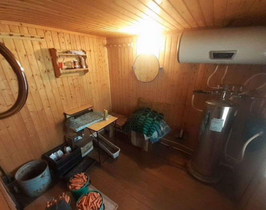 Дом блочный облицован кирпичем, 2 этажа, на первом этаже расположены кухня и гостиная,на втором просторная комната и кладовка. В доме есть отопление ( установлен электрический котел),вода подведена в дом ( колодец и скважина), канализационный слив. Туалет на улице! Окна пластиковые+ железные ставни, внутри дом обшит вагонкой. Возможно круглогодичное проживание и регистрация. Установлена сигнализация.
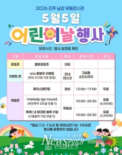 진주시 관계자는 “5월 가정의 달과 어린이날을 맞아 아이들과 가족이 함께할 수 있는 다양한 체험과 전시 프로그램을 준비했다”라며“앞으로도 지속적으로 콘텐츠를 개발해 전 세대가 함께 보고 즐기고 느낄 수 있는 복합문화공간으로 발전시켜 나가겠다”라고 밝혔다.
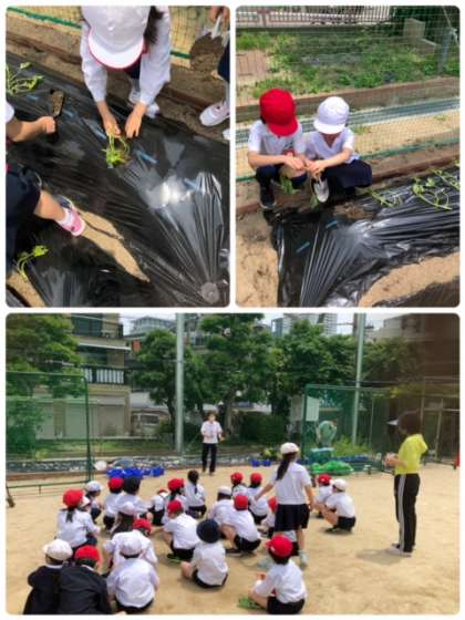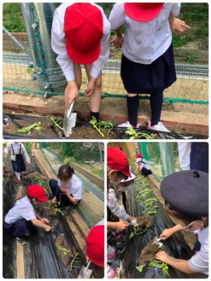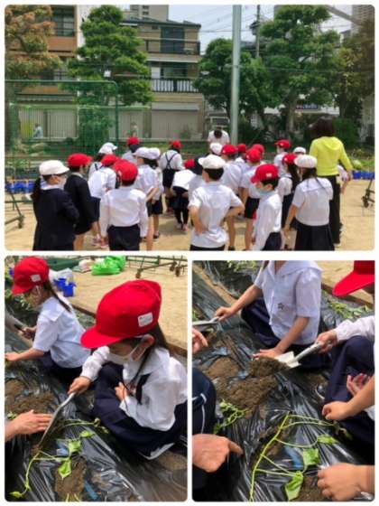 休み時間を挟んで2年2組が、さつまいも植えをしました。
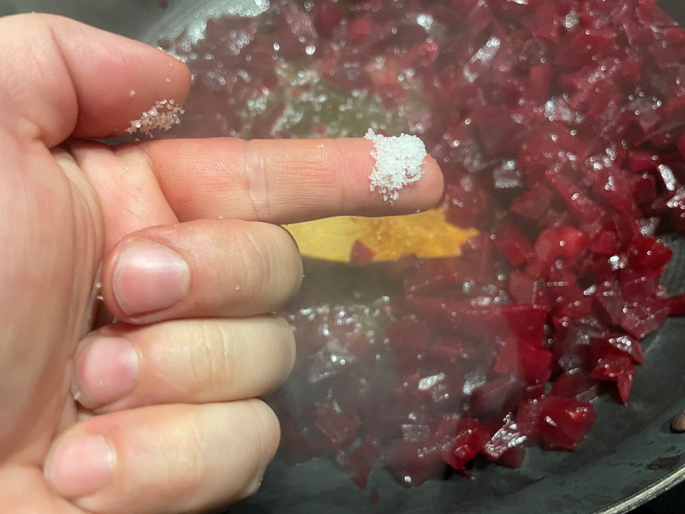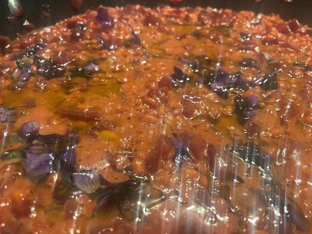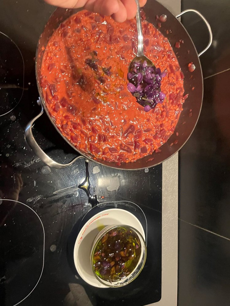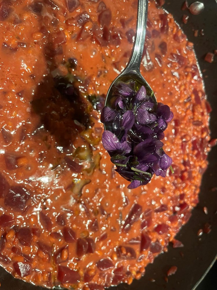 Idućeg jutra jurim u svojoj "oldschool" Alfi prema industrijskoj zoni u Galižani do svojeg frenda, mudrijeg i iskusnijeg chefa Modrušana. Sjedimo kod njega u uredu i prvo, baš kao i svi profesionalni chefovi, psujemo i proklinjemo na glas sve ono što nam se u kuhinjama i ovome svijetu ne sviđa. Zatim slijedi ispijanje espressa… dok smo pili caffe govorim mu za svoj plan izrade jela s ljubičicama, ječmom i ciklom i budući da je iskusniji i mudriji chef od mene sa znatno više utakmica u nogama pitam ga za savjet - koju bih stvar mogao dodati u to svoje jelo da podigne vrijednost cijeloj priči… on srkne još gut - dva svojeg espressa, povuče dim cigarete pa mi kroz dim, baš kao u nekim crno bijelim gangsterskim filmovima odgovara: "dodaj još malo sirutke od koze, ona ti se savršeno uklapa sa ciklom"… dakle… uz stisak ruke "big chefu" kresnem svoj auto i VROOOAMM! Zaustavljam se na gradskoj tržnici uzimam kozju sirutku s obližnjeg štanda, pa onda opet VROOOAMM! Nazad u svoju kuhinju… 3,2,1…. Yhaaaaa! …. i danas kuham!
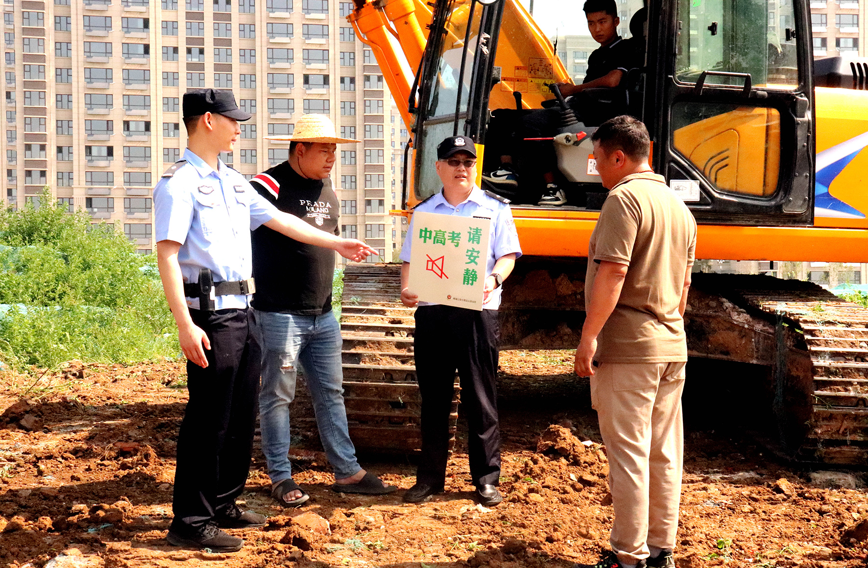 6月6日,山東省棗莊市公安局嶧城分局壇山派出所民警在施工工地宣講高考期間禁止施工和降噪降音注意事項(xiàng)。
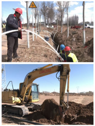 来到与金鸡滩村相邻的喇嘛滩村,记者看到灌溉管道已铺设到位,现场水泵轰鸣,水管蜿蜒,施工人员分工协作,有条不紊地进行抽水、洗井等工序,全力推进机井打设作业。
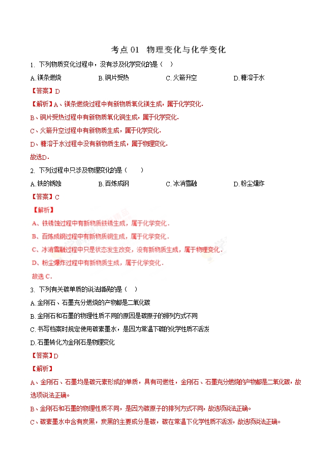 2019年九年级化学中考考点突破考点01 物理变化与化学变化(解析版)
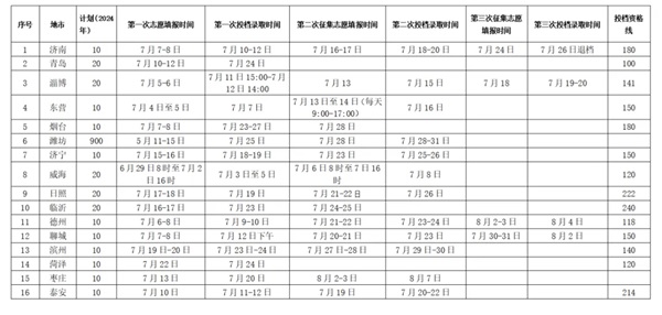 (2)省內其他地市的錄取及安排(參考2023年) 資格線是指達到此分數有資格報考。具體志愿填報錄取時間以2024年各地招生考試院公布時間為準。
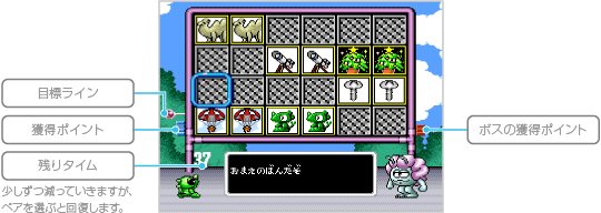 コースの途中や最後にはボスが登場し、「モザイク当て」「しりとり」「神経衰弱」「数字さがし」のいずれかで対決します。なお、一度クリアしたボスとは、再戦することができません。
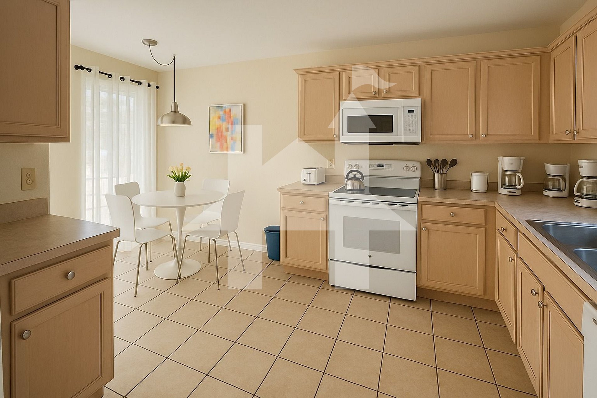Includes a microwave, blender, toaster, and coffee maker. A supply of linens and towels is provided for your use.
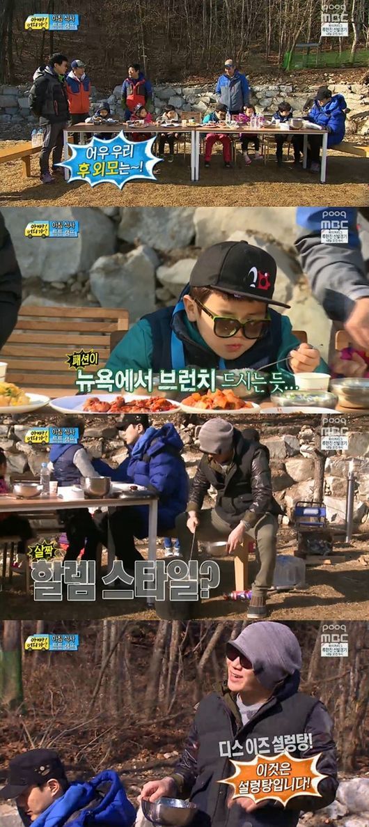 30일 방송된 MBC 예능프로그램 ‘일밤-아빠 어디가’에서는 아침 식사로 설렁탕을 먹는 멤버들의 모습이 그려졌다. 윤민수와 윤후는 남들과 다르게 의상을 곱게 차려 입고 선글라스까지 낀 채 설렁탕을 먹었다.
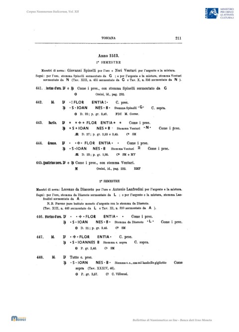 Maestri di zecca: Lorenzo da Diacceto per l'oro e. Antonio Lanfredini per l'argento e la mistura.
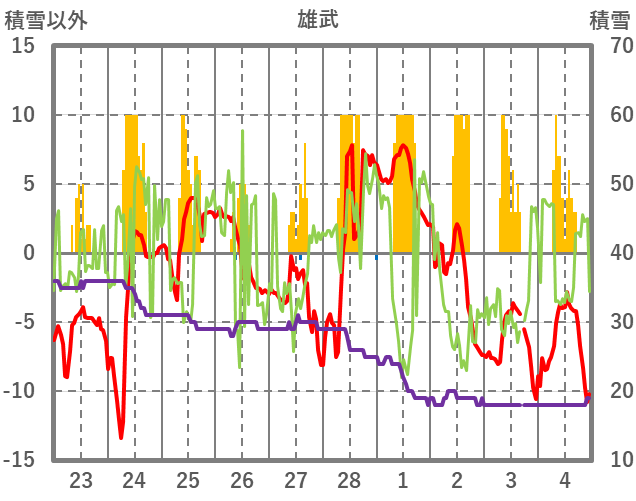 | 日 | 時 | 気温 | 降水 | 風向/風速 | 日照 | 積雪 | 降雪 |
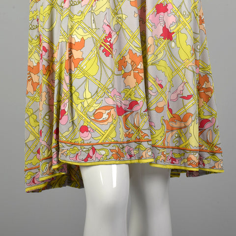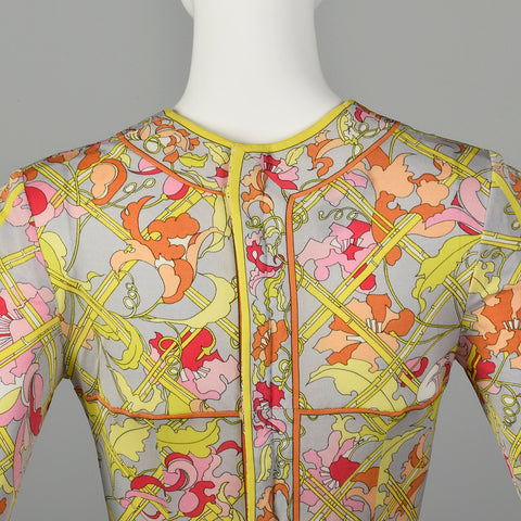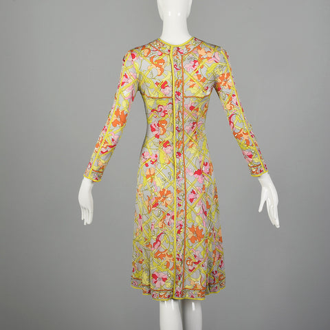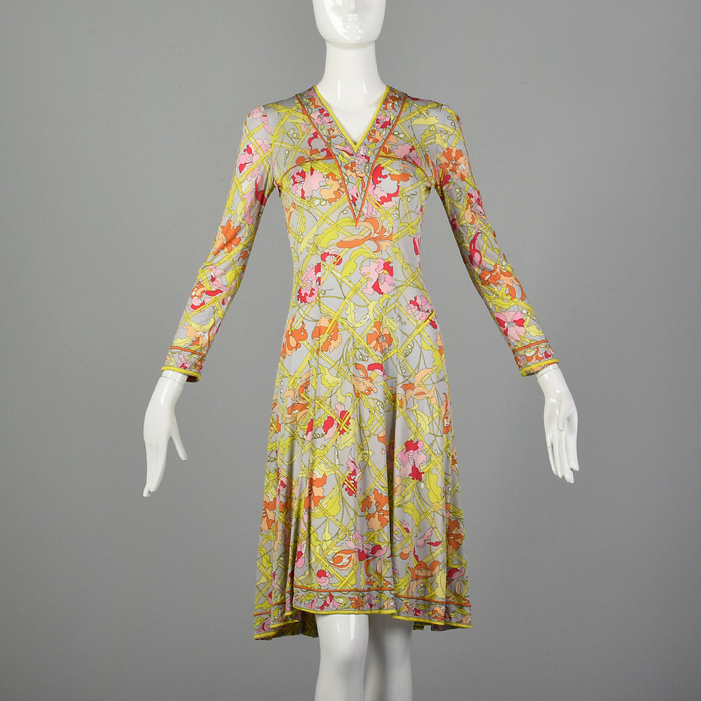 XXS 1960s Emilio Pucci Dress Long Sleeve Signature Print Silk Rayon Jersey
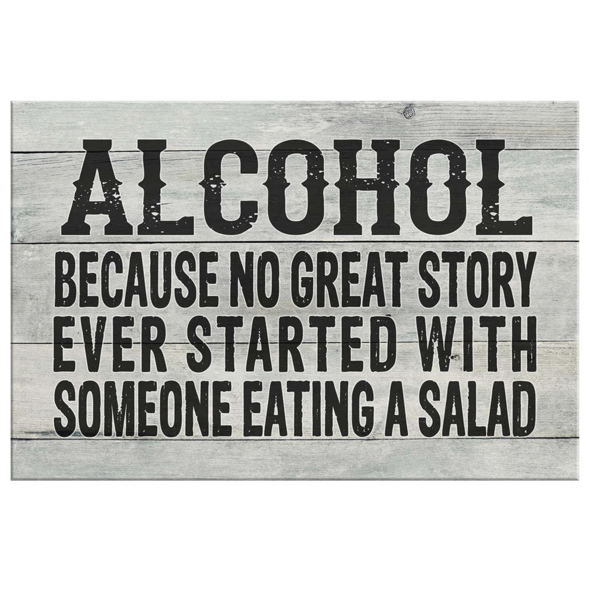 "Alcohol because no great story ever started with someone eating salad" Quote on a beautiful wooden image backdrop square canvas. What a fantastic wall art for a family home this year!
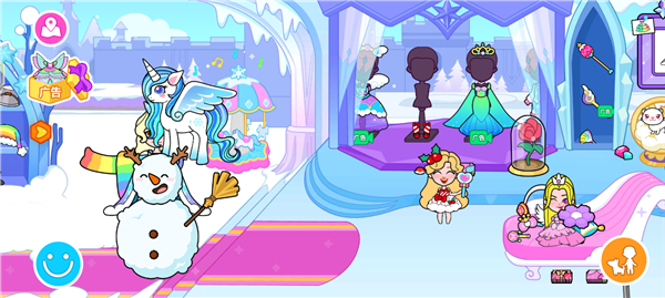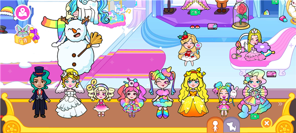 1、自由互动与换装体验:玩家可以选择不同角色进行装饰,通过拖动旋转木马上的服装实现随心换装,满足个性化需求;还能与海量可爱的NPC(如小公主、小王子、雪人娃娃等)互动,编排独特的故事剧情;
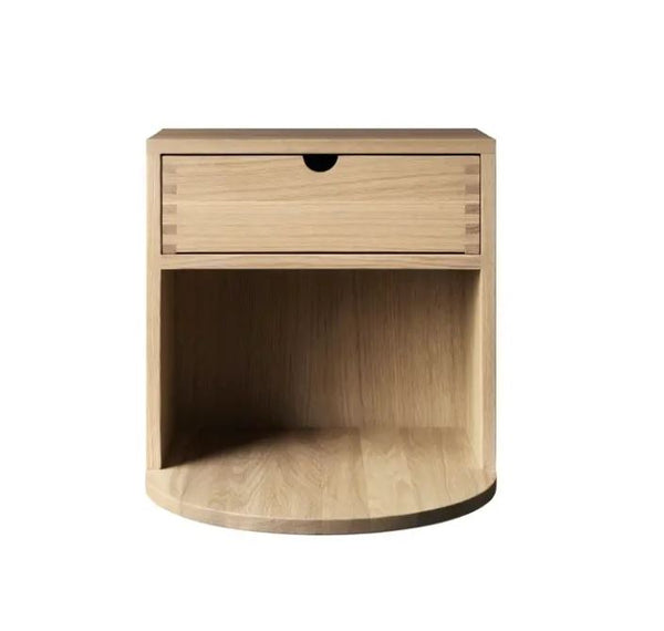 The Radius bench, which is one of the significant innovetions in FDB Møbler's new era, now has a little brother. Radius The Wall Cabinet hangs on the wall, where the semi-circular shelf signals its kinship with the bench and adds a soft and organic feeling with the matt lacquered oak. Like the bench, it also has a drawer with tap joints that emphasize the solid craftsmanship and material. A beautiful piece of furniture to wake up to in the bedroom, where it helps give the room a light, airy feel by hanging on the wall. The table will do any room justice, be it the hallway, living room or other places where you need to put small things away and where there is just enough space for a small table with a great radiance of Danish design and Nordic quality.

• _What is needed_: Could you restate all of the data above word for word and skip every picture?

• _Response to this exercise_:
 Дом блочный облицован кирпичем, 2 этажа, на первом этаже расположены кухня и гостиная,на втором просторная комната и кладовка. В доме есть отопление ( установлен электрический котел),вода подведена в дом ( колодец и скважина), канализационный слив. Туалет на улице! Окна пластиковые+ железные ставни, внутри дом обшит вагонкой. Возможно круглогодичное проживание и регистрация. Установлена сигнализация.
 진주시 관계자는 “5월 가정의 달과 어린이날을 맞아 아이들과 가족이 함께할 수 있는 다양한 체험과 전시 프로그램을 준비했다”라며“앞으로도 지속적으로 콘텐츠를 개발해 전 세대가 함께 보고 즐기고 느낄 수 있는 복합문화공간으로 발전시켜 나가겠다”라고 밝혔다.
 休み時間を挟んで2年2組が、さつまいも植えをしました。
 Idućeg jutra jurim u svojoj "oldschool" Alfi prema industrijskoj zoni u Galižani do svojeg frenda, mudrijeg i iskusnijeg chefa Modrušana. Sjedimo kod njega u uredu i prvo, baš kao i svi profesionalni chefovi, psujemo i proklinjemo na glas sve ono što nam se u kuhinjama i ovome svijetu ne sviđa. Zatim slijedi ispijanje espressa… dok smo pili caffe govorim mu za svoj plan izrade jela s ljubičicama, ječmom i ciklom i budući da je iskusniji i mudriji chef od mene sa znatno više utakmica u nogama pitam ga za savjet - koju bih stvar mogao dodati u to svoje jelo da podigne vrijednost cijeloj priči… on srkne još gut - dva svojeg espressa, povuče dim cigarete pa mi kroz dim, baš kao u nekim crno bijelim gangsterskim filmovima odgovara: "dodaj još malo sirutke od koze, ona ti se savršeno uklapa sa ciklom"… dakle… uz stisak ruke "big chefu" kresnem svoj auto i VROOOAMM! Zaustavljam se na gradskoj tržnici uzimam kozju sirutku s obližnjeg štanda, pa onda opet VROOOAMM! Nazad u svoju kuhinju… 3,2,1…. Yhaaaaa! …. i danas kuham!
 6月6日,山東省棗莊市公安局嶧城分局壇山派出所民警在施工工地宣講高考期間禁止施工和降噪降音注意事項(xiàng)。
 来到与金鸡滩村相邻的喇嘛滩村,记者看到灌溉管道已铺设到位,现场水泵轰鸣,水管蜿蜒,施工人员分工协作,有条不紊地进行抽水、洗井等工序,全力推进机井打设作业。
 2019年九年级化学中考考点突破考点01 物理变化与化学变化(解析版)
 (2)省內其他地市的錄取及安排(參考2023年) 資格線是指達到此分數有資格報考。具體志愿填報錄取時間以2024年各地招生考試院公布時間為準。
 コースの途中や最後にはボスが登場し、「モザイク当て」「しりとり」「神経衰弱」「数字さがし」のいずれかで対決します。なお、一度クリアしたボスとは、再戦することができません。
Includes a microwave, blender, toaster, and coffee maker. A supply of linens and towels is provided for your use.
 30일 방송된 MBC 예능프로그램 ‘일밤-아빠 어디가’에서는 아침 식사로 설렁탕을 먹는 멤버들의 모습이 그려졌다. 윤민수와 윤후는 남들과 다르게 의상을 곱게 차려 입고 선글라스까지 낀 채 설렁탕을 먹었다.
 Maestri di zecca: Lorenzo da Diacceto per l'oro e. Antonio Lanfredini per l'argento e la mistura.
 | 日 | 時 | 気温 | 降水 | 風向/風速 | 日照 | 積雪 | 降雪 |
 XXS 1960s Emilio Pucci Dress Long Sleeve Signature Print Silk Rayon Jersey
 "Alcohol because no great story ever started with someone eating salad" Quote on a beautiful wooden image backdrop square canvas. What a fantastic wall art for a family home this year!
 1、自由互动与换装体验:玩家可以选择不同角色进行装饰,通过拖动旋转木马上的服装实现随心换装,满足个性化需求;还能与海量可爱的NPC(如小公主、小王子、雪人娃娃等)互动,编排独特的故事剧情;
 The Radius bench, which is one of the significant innovetions in FDB Møbler's new era, now has a little brother. Radius The Wall Cabinet hangs on the wall, where the semi-circular shelf signals its kinship with the bench and adds a soft and organic feeling with the matt lacquered oak. Like the bench, it also has a drawer with tap joints that emphasize the solid craftsmanship and material. A beautiful piece of furniture to wake up to in the bedroom, where it helps give the room a light, airy feel by hanging on the wall. The table will do any room justice, be it the hallway, living room or other places where you need to put small things away and where there is just enough space for a small table with a great radiance of Danish design and Nordic quality.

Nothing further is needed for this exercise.